A company, even one that's been around for decades, can go under, so it's best to not hold onto gift cards any longer than you have to. Doesn't mean that you have to spend them the very next day, just means that you shouldn't hold onto one for six months and never spend it.

There are several consumer groups out there currently petitioning the Federal Trade Commission to provide safeguards for gift card money, but nothing has been set in stone as of yet.

The big concern with the Visa gift cards is that the credit card companies often charge hidden fees for you to use them. One such fee is the usage surcharge, where they charge you either a certain percentage (1% to 3% of your purchase) or a flat rate fee ($2.50, for example) every time you use them.
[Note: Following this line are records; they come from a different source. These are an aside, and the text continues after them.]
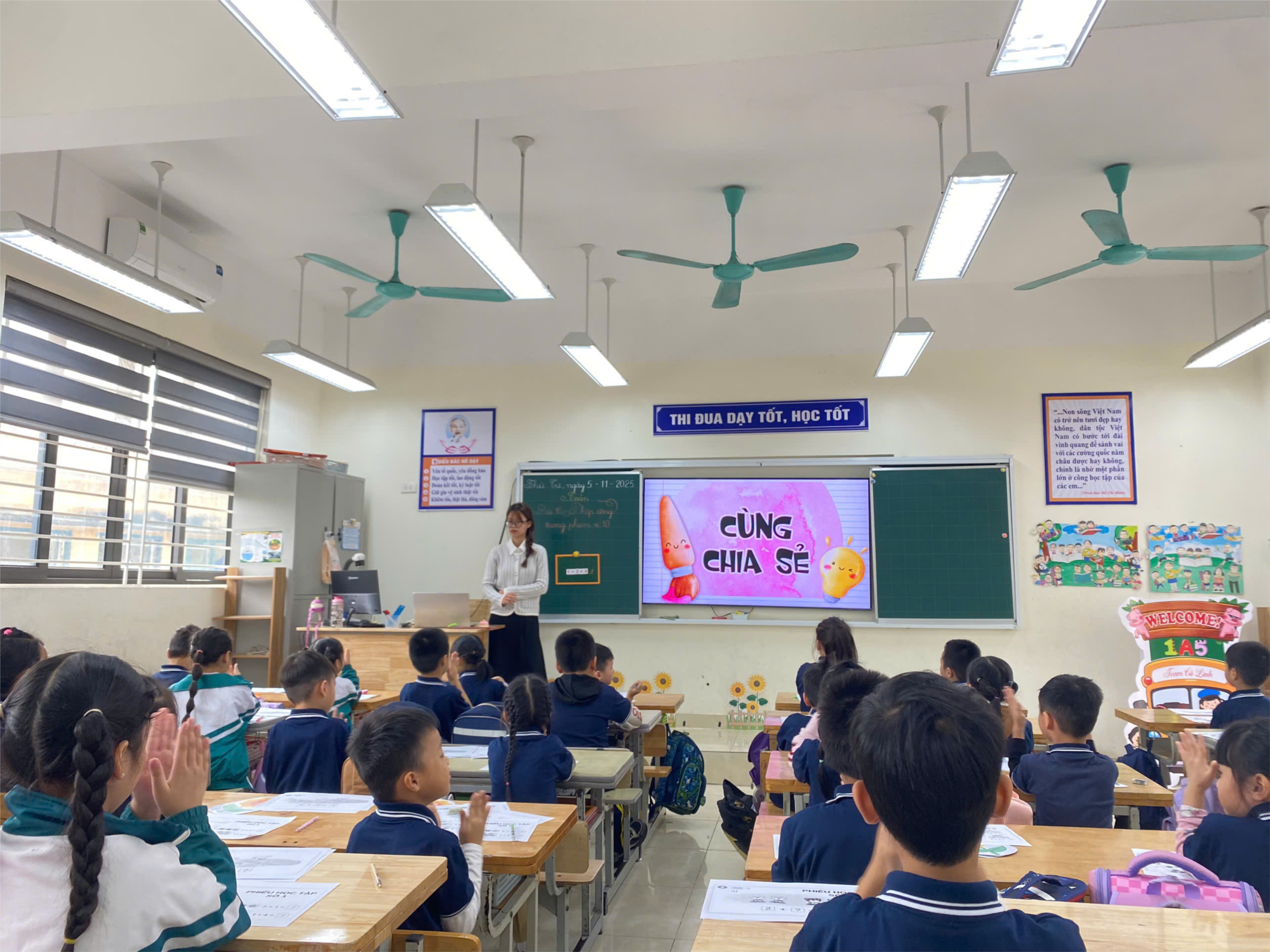 🚀Sáng ngày 5/11/2025 tại Trường Tiểu học Cổ Bi, cô giáo Nguyễn Phương Linh dự thi Giáo viên dạy giỏi cấp trường với tiết Toán lớp 1A5 – Bài: Phép cộng trong phạm vi 10. Tiết dạy nổi bật nhờ ứng dụng công nghệ AI cùng nhân vật đồng hành AI xuyên suốt giờ học: nhân vật dẫn dắt khởi động bằng tình huống trực quan, gợi mở “dấu cộng” và “phép tính cộng” bằng hình ảnh, giọng đọc sinh động. Song song, cô giáo đã triển khai thẻ phiếu học tập ở phần bài tập: học sinh được làm việc nhóm, giá lưu, chia sẻ và giơ thẻ đáp án, giúp lớp học sôi nổi, hào hứng, đa số học sinh nắm chắc kiến thức về phép tính cộng. Tiết học để lại ấn tượng đẹp về một giờ Toán hiện đại, phát huy vai trò trung tâm của học sinh; Các em còn rèn được kĩ năng trình bày – hợp tác nhóm, tư duy suy luận, năng lực và thói quen tự đánh giá sau mỗi bài.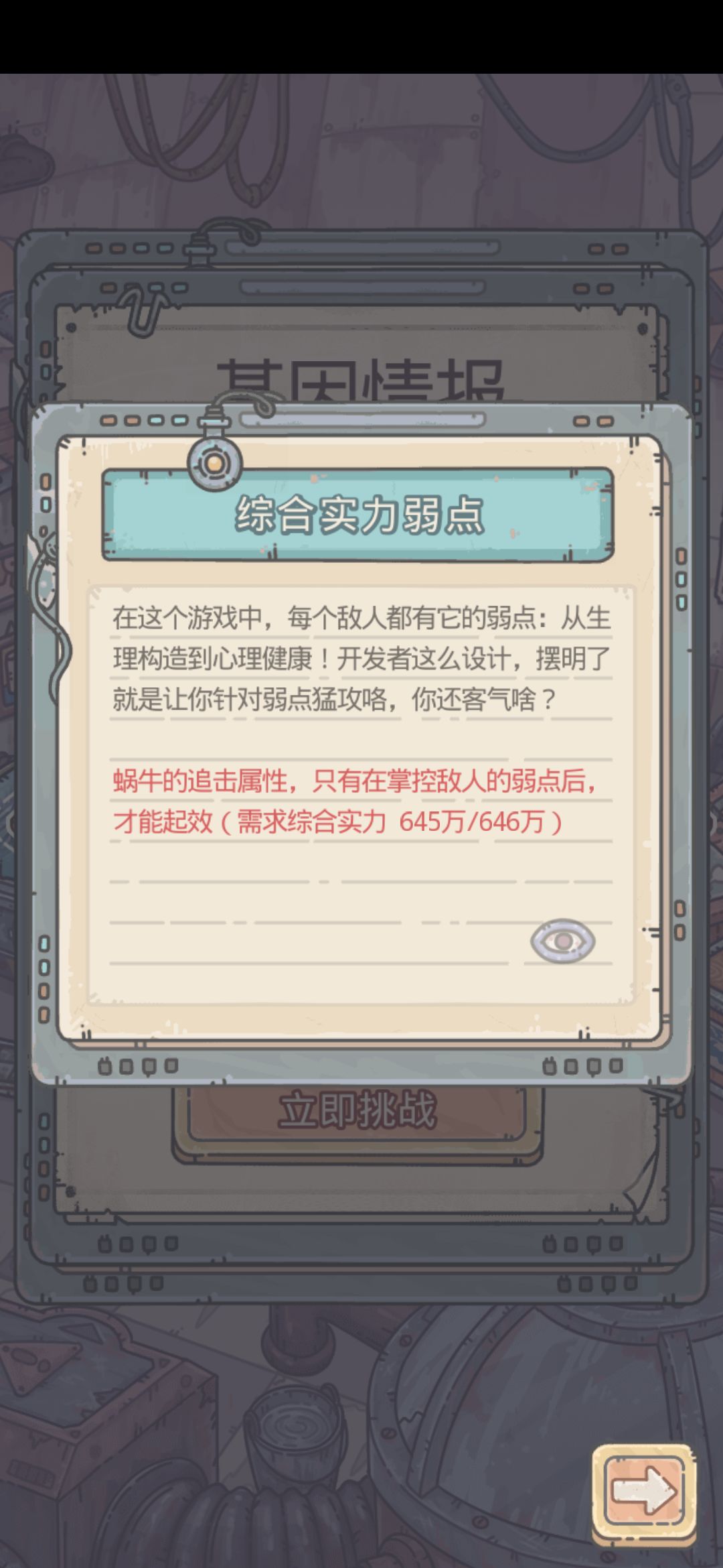 在二级页面可以看到怪物的数值,点击眼睛图标制霸所需战力。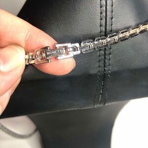 877 Monet silvertone rectangle link station link long 30" necklace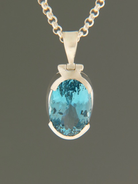 This Sterling Silver pendant features a faceted, oval shaped Blue Topaz stone.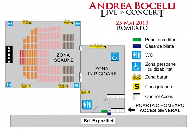 Biletele pentru concertul Andrea Bocelli de la Bucureşti pot fi achiziţionate în reţeaua Eventim şi online pe www.eventim.ro la următoarele preţuri: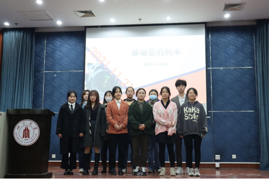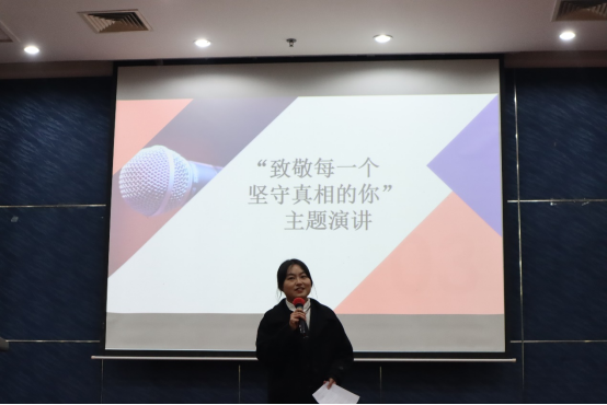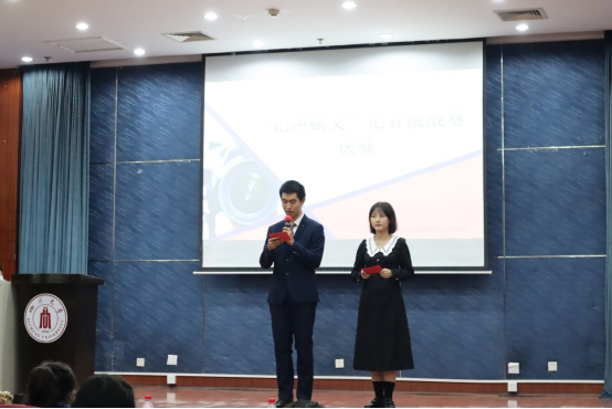 11月21日晚“镜记峥嵘,笔写风华”记者节系列活动之“记声赋文”记者挑战赛决赛于江安校区第二基础实验楼报告厅顺利举行。本次活动面向我校全体本科生,由我院团委学生会宣传部承办。2020级广告与媒介经济学硕士生杨雨桐、2020级新闻学专业硕士生魏梓慧、我院团委学生会副主席康雨晨、团委学生会执行主席杨晨、社团联合会会长李佳芮、素质拓展部部长韩佳玉同学作为评委参加。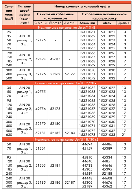 Муфты AIN 10, AIN 20 и AIN 30 предназначены для подключения кабелей на среднее напряжение с пластмассовой изоляцией и экструдированным, графитовым или легко удаляемым полупроводящим слоем, или EPR кабелей. Для каждого диапазона напряжений поставляются концевые муфты из высококачественного силикона трех типоразмеров, с помощью которых можно подключить кабели любого сечения. Другой отличительной особенностью является простой и быстрый монтаж. Кабель подключается с помощью винтового кабельного наконечника или кабельного наконечника под опрессовку. Для подключения трехжильных кабелей используются концевые муфты с дополнительными принадлежностями.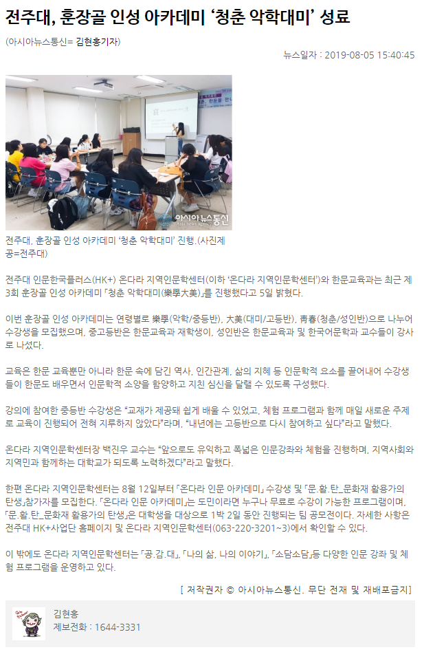 173 기타 전주대, 훈장골 인성 아카데미 ‘청춘 악학대미’ 성료 온다라 지역인문학센터 19-08-20 243   190805_전주대, 훈장골 인성 아카데미 ‘청춘 악학대미’ 성료_아시아뉴스통신.PNG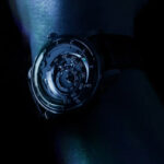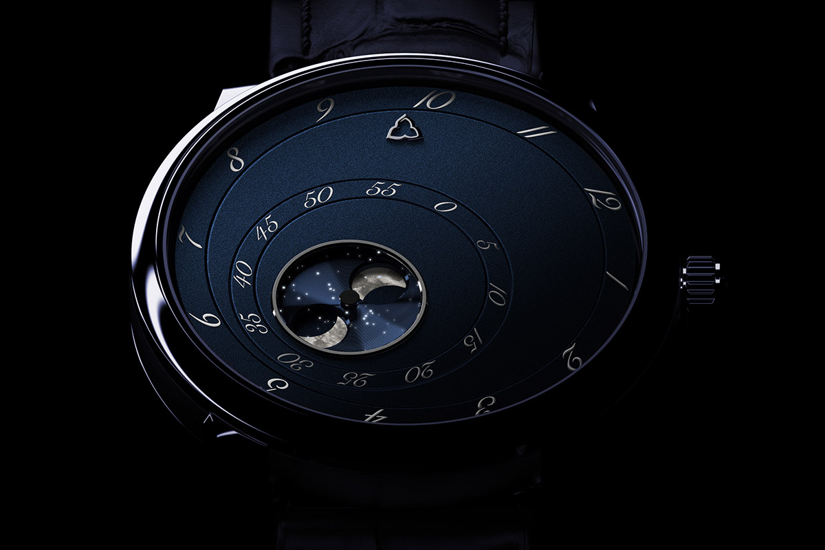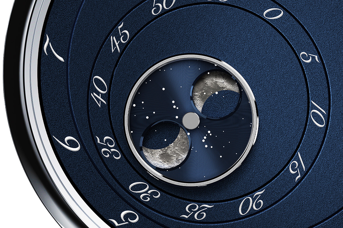 Se si osserva bene, si nota un disco in vetro zaffiro con stelle bianche tampografate. Il vetro zaffiro stellato ruota al ritmo dei secondi e l’indicazione di questi ultimi diventa quindi una rappresentazione astratta del tempo, indicando più che altro il fatto che l’orologio è in funzione. Al di sotto di esso, un disco blu rifinito con scanalature concentriche si muove su un disco di ottone testurizzato al laser, che riporta raffigurata la superficie della Luna.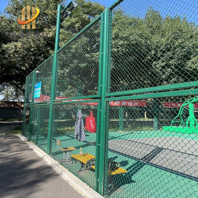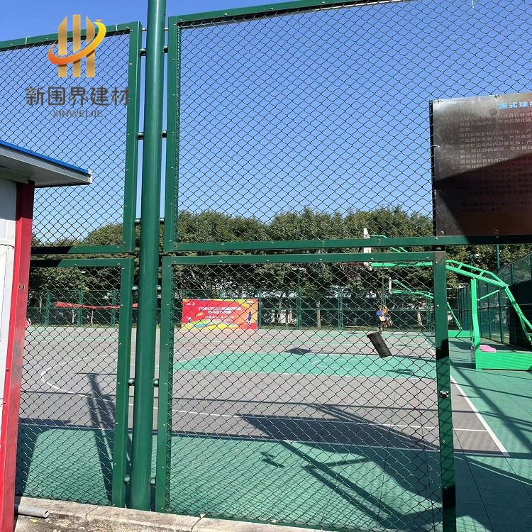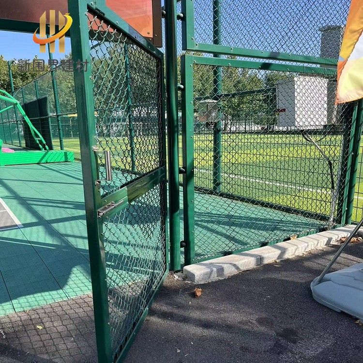 边框:圆管48或60mm,钢筋棍,立柱60或75mm圆管, 特点:安装方便,造价低,美观大方。 安装流程:先将勾花网展平,然后穿插入钢筋棍,将框架与立柱链接,然后再将勾花网网片与框架链接。 球场勾花网围网立柱结构:两边焊接边耳,框架两端焊接边耳,利用防盗螺丝固定边框和立柱的边耳即可。

Another lovely fee is the so called "storage" fee where the credit card company will deduct money from the value of the card for actually not using it in a certain amount of time. $2.50 every six months, for example.

Regular store gift cards can be awesome, but they are just as useless if they're not redeemed. Companies make a ton of moolah off of people who never use their gift card in their store. In cases like that, the company is basically printing money.

Best advice I have is to buy them from places you know and to make sure that the person who is receiving the gift card enjoys shopping there and will most likely use that card as soon as possible.